Kah umutlanıyor, kah tokat yiyor, kah şaşıyorduk kitabı okurken...

Tahmin edebileceğiniz gibi Yasemin Hanım’ın katkıları ile kitabın yazarı Profesör Stefano D’Anna, Kitap ile Sohbet’i ziyaret etti ve kendisi ile tanışma imkanı bulurken, kendisinin çok değerli fikirlerini dinledik.


Tanrılar Okulu müthiş bir yapıt, dönem dönem içerisindeki fikirler üzerine bazı yazıları, sitede bulabilirsiniz. Stefano D’Anna’ya göre kitabın ana fikri:
“Dışarıdan bir şey yoktur, hepsi içeridendir. Şunu anlayın ki, düşmanınız sizin için çalışıyor... Kendimiz, en kötü düşmanımızdır..."
İlk adım, kendini gözlemlemekle başlıyor, ve bu gözleme göre tüm değişimleri içten yapmak... Kendiniz değiştirirsen, Dünya da değişecektir. Kitapta bol bol sağlık ve nefes ile kısımlar var; duygularımızla nefesimiz değişir, nefesimizle de duygularımız değişir; bu ilişki çift yönlüdür. 

Profesörün diğer bir önemli yönü, son derece mütevazi oluşu... Kendisi şöyle diyor:
“Yazarın adı, kendisi önemli değildir.

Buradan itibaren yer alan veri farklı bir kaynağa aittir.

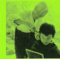
The Way Home
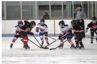
TCS Hockey's SC Memorial Cup Youth Hockey Tournament @ Carolina Ice Palace, 5/26-5/29
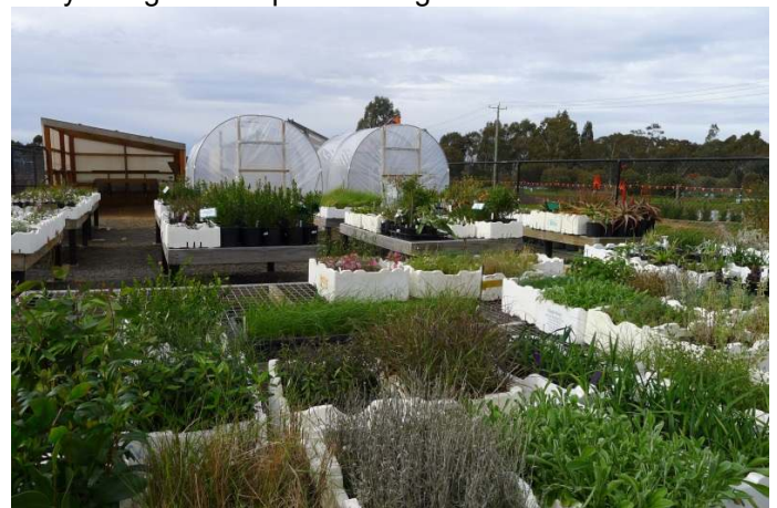
Melton Botanic Gardens Nursery area.
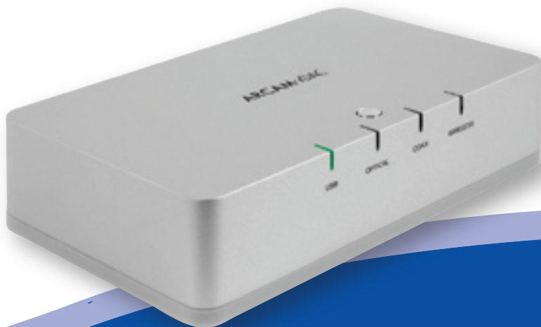
The Arcam rDAC

Arcam are also releasing a version of the rDAC that will allow you to wirelessly stream music from your PC using the Klear Wireless technology included in their new rCube. All that is necessary is an rWave wireless Dongle available optionally at roughly £90. The rDAC costs £300 and is available now.
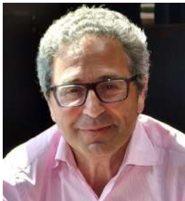
Chair of the Board Hockey Canada 2024
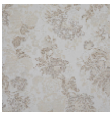
4261-02 FELICITÉ - NACRE
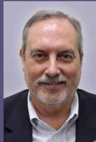
Mayor Holly Daines , City of Logan, UT
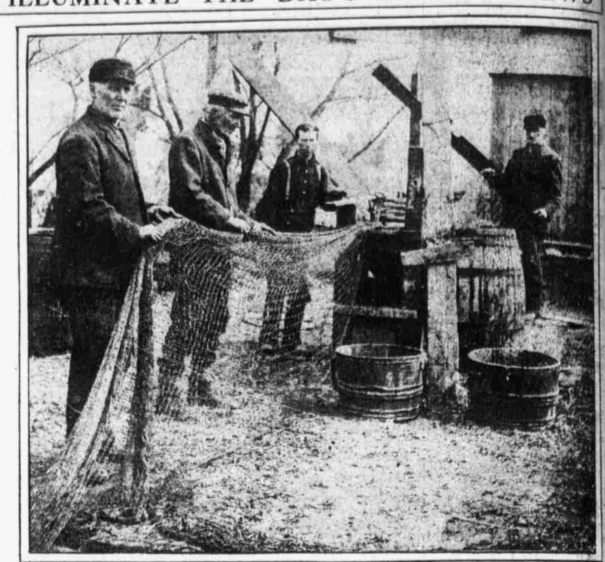
THE SHAD SEASON is with us again, as all lovers of that delectable fish need not be reminded. Still, it is necessary to note that the shad have now put in their appearance in our own Delaware, all of which accounts for this repairing of nets in the neighborhood of Gloucester City, N. J.
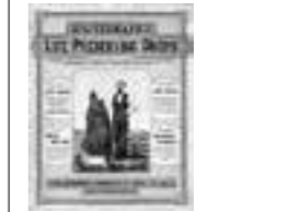
Holtermann's Life Preserving Drops 1875 Posters/Medicine/8
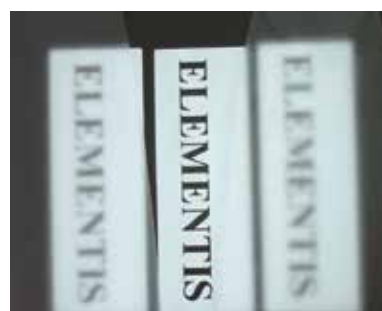
Matt clear coat with Hypomer MT-2350

The following picture compares transparency of two coating films made formulated with Hypomer MT-2350 and matt silica respectively. Paint film with Hypomer MT-2350 shows clearer background pattern, which means the better of transparency.
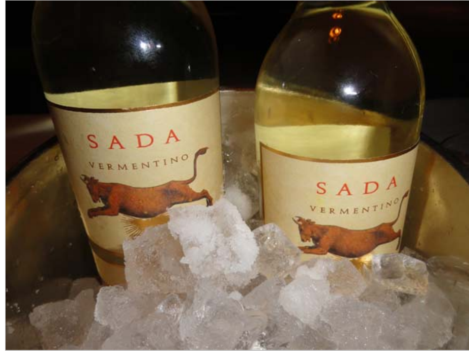
Tuscan Wine and Food the Perfect Combination
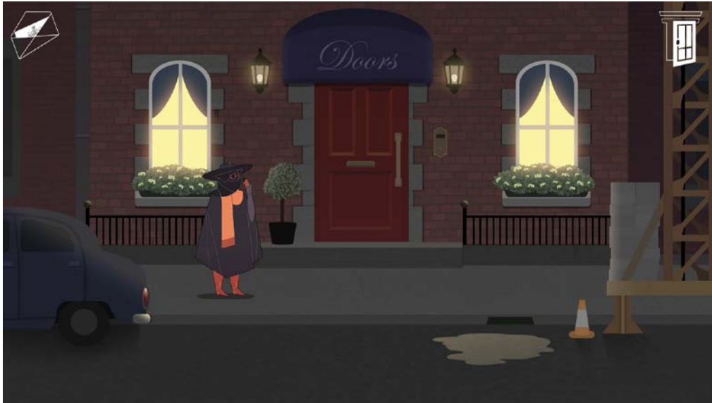
Figure 5: A screenshot of Doors (the game) taken in front of the entrance door to the Doors inn.

This interaction is a good illustration of the cognitive and communicative strategy of Doors : it is an interactive essay that playfully confronts players with paradoxes and troubling questions concerning the representation of eleven in-game doors (see Figure 6). Every one of these questions is preceded by a specific experience of the player, in which they approach the in-game door in a way that they deem appropriate based on their personal game literacy and interpretation of that particular, represented door. Moreover, every door-related question is coupled with references to game studies papers which provide viable answers. The above-mentioned door is linked to Sageng’s (2012) chapter on in-game actions, Matsunaga’s (2016) analysis of what it means when players declare that they perform certain actions within game worlds, and Van de Mosselaer’s (2018) argument that actions performed within videogames are fictional actions.
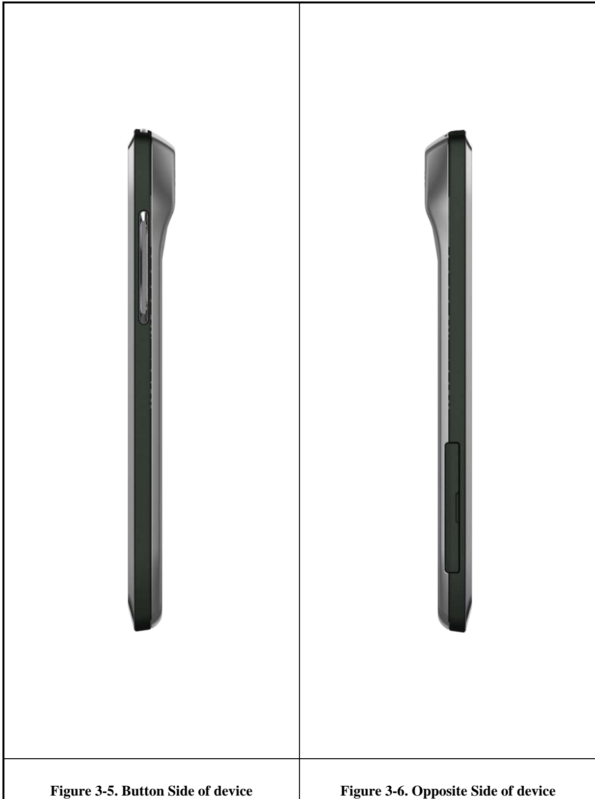
Figure 3-5. Button Side of device
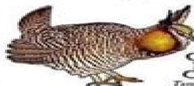
GREATER PRAIRIE CHICKEN Tympanuchus cupido

Kitap önemlidir. Bu tip evrensel kitaplar genellikle bir kere yazılır, devamı olmaz. Pinokyo’nun yazarının ismini biliyor musunuz?”

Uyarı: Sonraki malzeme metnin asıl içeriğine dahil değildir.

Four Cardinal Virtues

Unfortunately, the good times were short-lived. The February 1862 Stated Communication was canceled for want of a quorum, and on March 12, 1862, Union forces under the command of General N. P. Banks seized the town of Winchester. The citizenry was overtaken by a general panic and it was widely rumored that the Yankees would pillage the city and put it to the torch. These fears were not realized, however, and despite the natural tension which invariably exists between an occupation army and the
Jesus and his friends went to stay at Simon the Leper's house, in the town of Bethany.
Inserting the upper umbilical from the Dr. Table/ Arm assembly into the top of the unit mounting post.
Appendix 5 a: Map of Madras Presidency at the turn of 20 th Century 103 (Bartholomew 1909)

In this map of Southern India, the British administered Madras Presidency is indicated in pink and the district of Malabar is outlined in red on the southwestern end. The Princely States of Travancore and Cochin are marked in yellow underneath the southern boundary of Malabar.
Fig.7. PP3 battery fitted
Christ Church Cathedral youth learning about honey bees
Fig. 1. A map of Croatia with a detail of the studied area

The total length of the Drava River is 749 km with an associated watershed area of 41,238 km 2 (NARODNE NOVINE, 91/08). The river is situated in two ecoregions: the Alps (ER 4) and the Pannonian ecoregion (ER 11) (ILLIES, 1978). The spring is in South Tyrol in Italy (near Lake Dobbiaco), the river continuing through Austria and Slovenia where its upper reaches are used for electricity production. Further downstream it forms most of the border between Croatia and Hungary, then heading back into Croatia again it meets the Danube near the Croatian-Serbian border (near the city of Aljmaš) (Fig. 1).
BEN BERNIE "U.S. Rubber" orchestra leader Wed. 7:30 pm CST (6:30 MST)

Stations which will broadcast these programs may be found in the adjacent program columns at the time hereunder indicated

Bu arada D'Anna'ya göre, Pinokyo, dünyanın en iyi hikayesidir. Hepimiz aslında birer Pinokyo’yuzdur. Birileri görünmeyen ipler ile hayatımızın kontrolünü elinde tutmaktadır.
Bu arada, Pinokyo’nun memleketi Collodi’ye gitmemize rağmen, yazarın gerçek ismini biz de hatırlayamadık. (Collodi, yazarın lakabı, gerçek ismi değil...)

Hiç hayatınızda bir kitabı farklı dönemlerde iki kere okudunuz mu? Debbie Ford’un “Işığı Arayanların Karanlık Yanı” kitabını kendimi zorlayarak okuduktan iki sene sonra tekrar okuduğumda bambaşka bir keyif aldım. Aynı durum Tanrılar Okulu’nu ikinci defa okurken yaşayabilirsiniz.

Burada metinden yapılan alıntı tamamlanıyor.